The delightfully impish Doug Kass ("The Anti-Cramer") looks at the parallels between the 1994 tightening period and the present.
There are bullish implications for using the 1994 Fed tightening
template: 1995 – 2000 was (if memory serves) quite a run.
Not surprisingly, Kass finds the comparisons wanting:
In 1994, unlike 2005, there was a sharp correction in stocks. While
the Dow Jones Industrial Average dropped by only 10% in 1994, many stocks fared
far worse. In 2005, equities advanced.
In 1994 Edson Gould’s ‘three steps and a stumble’ rule was validated as the
Fed tightened. In 2005, Gould’s fabled market dictum failed to mark an equity
decline, (because the tightening began from historically low levels).
1994’s stock market decline was characterized by declining breadth — far
different than 2005’s breadth picture.
In 1994, the stock market ended the year in a large oversold condition. 2005
appears to be ending with an overbought condition (and unlike 1994, in 2005
certain leadership sectors are particularly extended).
Most sentiment measures ended 1994 (that preceded the 1995 market recovery)
in deeply negative territory. For example, the put-call ratio (CBOE 10-day)
ended 1994 at its highest level of the year. By contrast, the put-call ratio is
ending 2005 at its lowest level of the year.
The Investors Intelligence survey
of bears ranged between 50% and 60% throughout 1994, the highest level since
1982. The Investors Intelligence survey of bears in 2005 has been in the 20% to
30% range, and in December, stands at near the year low of 22%. It is the survey
of bulls that stands at 60% now. Markets typically make bottoms and are
preparing to rise when they are oversold, investors are bearish and expectations
low. These conditions existed in 1994, not in 2005.

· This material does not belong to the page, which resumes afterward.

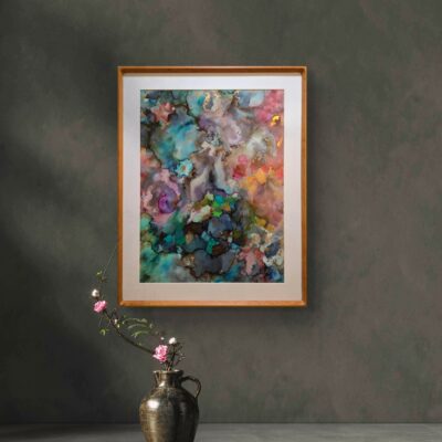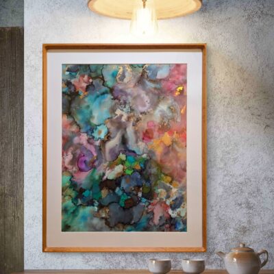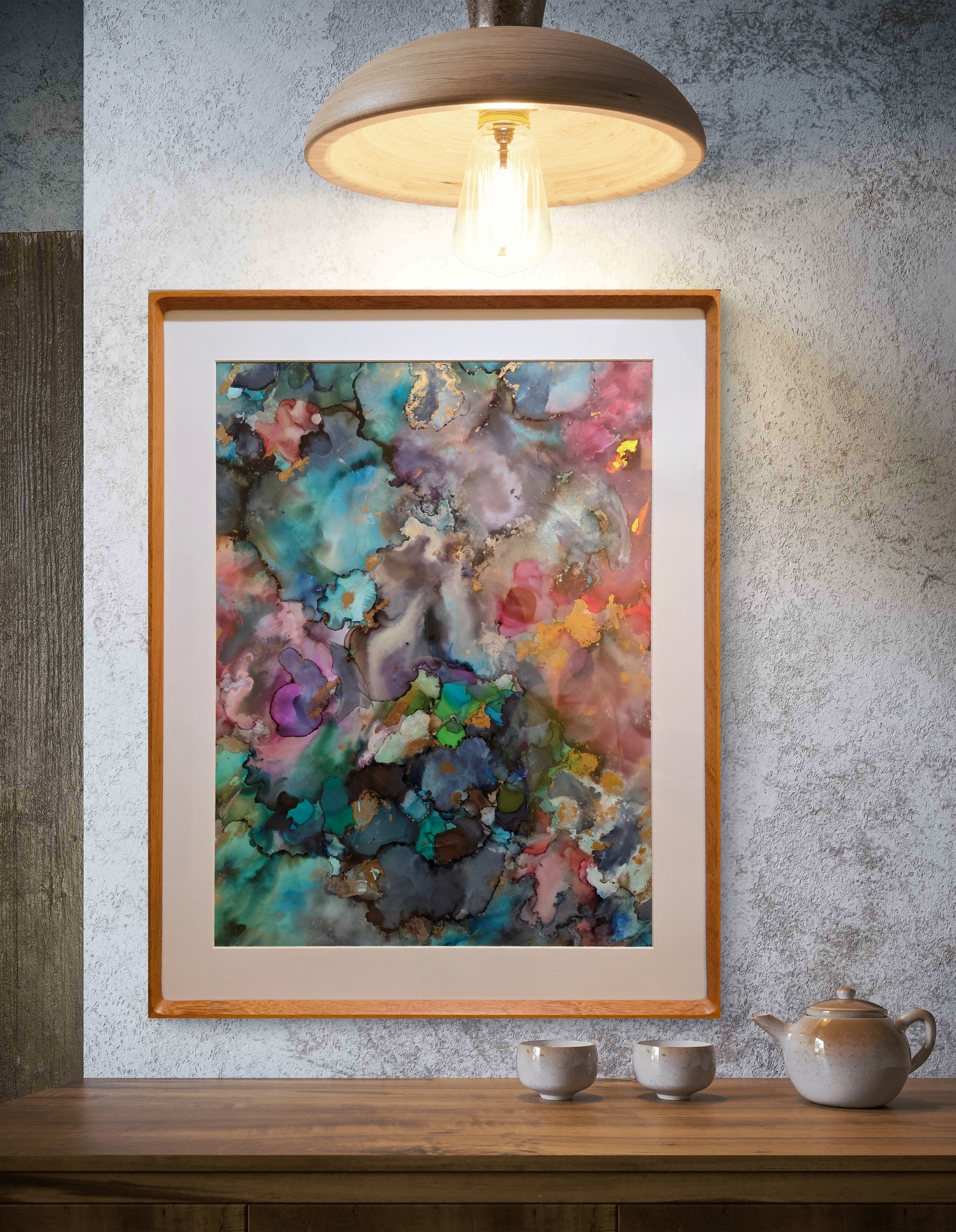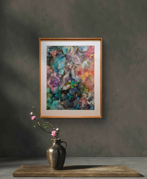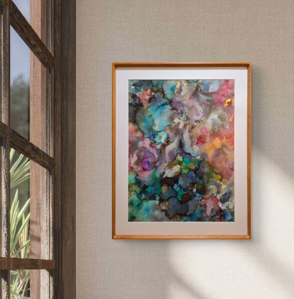 Did you say color? A vibrant interplay of movement, where flowing pigments merge into luminous forms that feel energetic, immersive, and alive—inviting viewers to get lost in the rhythm of color. This piece is 20 × 26 in. matted in a 22 × 28 glass frame

1995 was a good year for stocks, but it was an atypical period historically.
Even taking into account that year’s rally, history shows less inspiring
According to Ned Davis Research, there have been 16 separate
tightenings over the last 100 years (defined as at least two consecutive rate
increases). Surprisingly, the DJIA, on average, has declined by 4.90% in the
four-month period following the last tightening date, by 3.90% in the eight-month period following the last
Today’s condition of deteriorating breadth, from record high levels, and
breadth divergence (while highs in the indices are being made) stand in marked
contrast to conditions in late 1994.
Surprsie! Color Kass bearish.
UPDATE: December 23, 2005 6:05 am
Nate provides some additional differences:
1. Marginal income tax rate increased around 1994 to 39% and stayed at 39% for much of the 1990s (vs. around 35% in 2004). This arguably gave the govt the ability to pay down debt and have low interest rates and inflation during the 1990s economic growth. Low interest rates may be good for stocks. The 1990s economy was strong enough to withstand higher income tax rates, and increases in income tax rates were accompanied by capital gains tax reduction.

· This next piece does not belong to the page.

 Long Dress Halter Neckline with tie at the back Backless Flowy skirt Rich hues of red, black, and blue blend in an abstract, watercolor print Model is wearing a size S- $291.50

2. Capital Gains Tax Rate: didn’t the capital gains tax rate get cut to 20% in the early to mid 1990s? What year did this occur? I know many think taxes do not or should not influence the stock market, yet this tax reduction on capital gains coupled with a tax increase on the highest marginal incomes in the 1990s made stock returns look more attractive to high-income people in the 1990s. This may have influenced people to invest.
In year 2004, there has been no big improvement in the differential between cap gains and marginal income. A dividend tax cut encourages companies to pump cash out of the corporation, which may be good for management discipline but may not pump up the stock price. The overall impact on capital allocation and impact is unclear and subject to additional debate and research.
3. Killer New Applications and Growth Drivers – the 1990s had the internet driving change and growth (ebay, Amazon) and supporting industries (Dell). The internet was a very big idea whose time had come. A 2000s equivalent to the 1990s internet may not exist. Apple and Apple’s iPod are booming. Others are restructuring.